GIVEN INFORMATION
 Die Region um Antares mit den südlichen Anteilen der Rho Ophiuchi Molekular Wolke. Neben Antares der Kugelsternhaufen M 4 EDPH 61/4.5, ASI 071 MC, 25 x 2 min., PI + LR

* * *

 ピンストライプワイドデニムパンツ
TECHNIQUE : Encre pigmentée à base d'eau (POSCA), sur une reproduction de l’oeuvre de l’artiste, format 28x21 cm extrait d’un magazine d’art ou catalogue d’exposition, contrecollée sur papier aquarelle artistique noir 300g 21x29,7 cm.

==

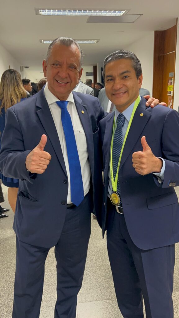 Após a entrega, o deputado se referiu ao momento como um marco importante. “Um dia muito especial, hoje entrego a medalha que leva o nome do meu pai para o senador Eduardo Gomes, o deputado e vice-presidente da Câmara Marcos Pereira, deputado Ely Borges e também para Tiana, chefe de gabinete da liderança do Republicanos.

ACTIVITY
Find where the line with "ピンストライプワイドデニムパンツ" sits in the material above, then copy exactly from it through the line with "TECHNIQUE : Encre". Add no other line.

WRITTEN SOLUTION
 ピンストライプワイドデニムパンツ
TECHNIQUE : Encre pigmentée à base d'eau (POSCA), sur une reproduction de l’oeuvre de l’artiste, format 28x21 cm extrait d’un magazine d’art ou catalogue d’exposition, contrecollée sur papier aquarelle artistique noir 300g 21x29,7 cm.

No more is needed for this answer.